Perception is definitely dependent upon the focus and past life experience of the viewer. Despite this wide variation, the core concepts remain easily understandable. Personal information gathering and management, personalized analysis and resulting meaningful personal actions are the foundation of what we do.
7. Given that Silicon Valley is the world's innovation hub, it's inspiring to see a Canadian startup pushing boundaries. Do you see more ground breaking innovations in Digital Health coming from outside Silicon Valley?
If you want to envision the future of digital health, the innovation may need to come from areas where the problems are big and solutions are poorly defined. Being closer to the users, the systems and the patients who have the highest need and most pressing problems gives problem solvers lots to think about.

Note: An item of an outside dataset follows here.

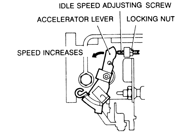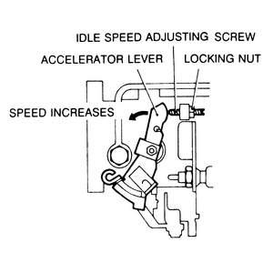 - Read the idle speed on the tachometer. If the idle is not within specifications, adjust the idle speed screw. Loosen the locknut, then turn the adjusting screw with a small screwdriver.

There have been some recent Op-Ed pieces describing the evolution of Silicon Valley away from a startup center and becoming more of a financing center for technology innovation. Although this may be overstating what is going on, innovation in health services can occur anywhere and the financial and human resources may be more readily available outside of Silicon Valley.
8. What are the weaknesses of Vivametrica and what are you doing to address them?
Though our team has been researching activity as related to human health for more than 12 years, we are a young organization, just removed from our initial seed funding. Our market opportunity is growing quickly and we need to scale, while remaining focused on our core objectives and technology.
9. Two years from now, in 2016, what would success for Vivametrica look like? What are the barriers to success?
For Vivametrica we envision our platform to be a leading provider of health and wellness services not just related to wearable technology, but also in relation to all manner of data from biological sensors. Serious headway will be made in different markets, and we will be considered a credible and trusted source of health information analytics and services for health care providers, systems and related enterprises.
We think there will one million-plus devices connected to our platform, and enterprises will have begun to adopt and embrace wearables. Doctors will be further along in understanding how to apply wearables data in the prevention and treatment of chronic diseases. Health systems will be studying massive biometric data sets to tap into their inherent value for managing health and improving operating efficiencies. Insurance providers will have more tools to calculate risks and set actuarial tables. Researchers focused on the use of wearables will be greater in number and looking at detailed questions and use cases in a wide variety of disease categories.
10. If people feel inspired by your journey, and want to do something with technology to improve Global Health, what would your words of wisdom be?
The journey for me, and I am sure for many others always starts with the words “Why and What if?”
Whenever I am presented with a problem, either clinical, personal or professional, the first response is never “Why are you bothering me about this?” or “You can’t do that!” I always try to think about the reason a problem arises – The Why – and the possible solutions to that problem – The What if. The solution is almost never the first solution, but stems from forever asking yourself and others:
“Am I solving the real problem? What if I did it this way, or that way? What if someone different than me has this problem? How would they solve it?”
These huge, complex and difficult problems start to get more manageable when taken in small logical and doable steps. They become even more manageable when your team has the right attitude and the right skills to tackle these problems. If the right people are not part of your team now, go find them and invite them to join you on your journey. You will be surprised how many will take you up on the offer.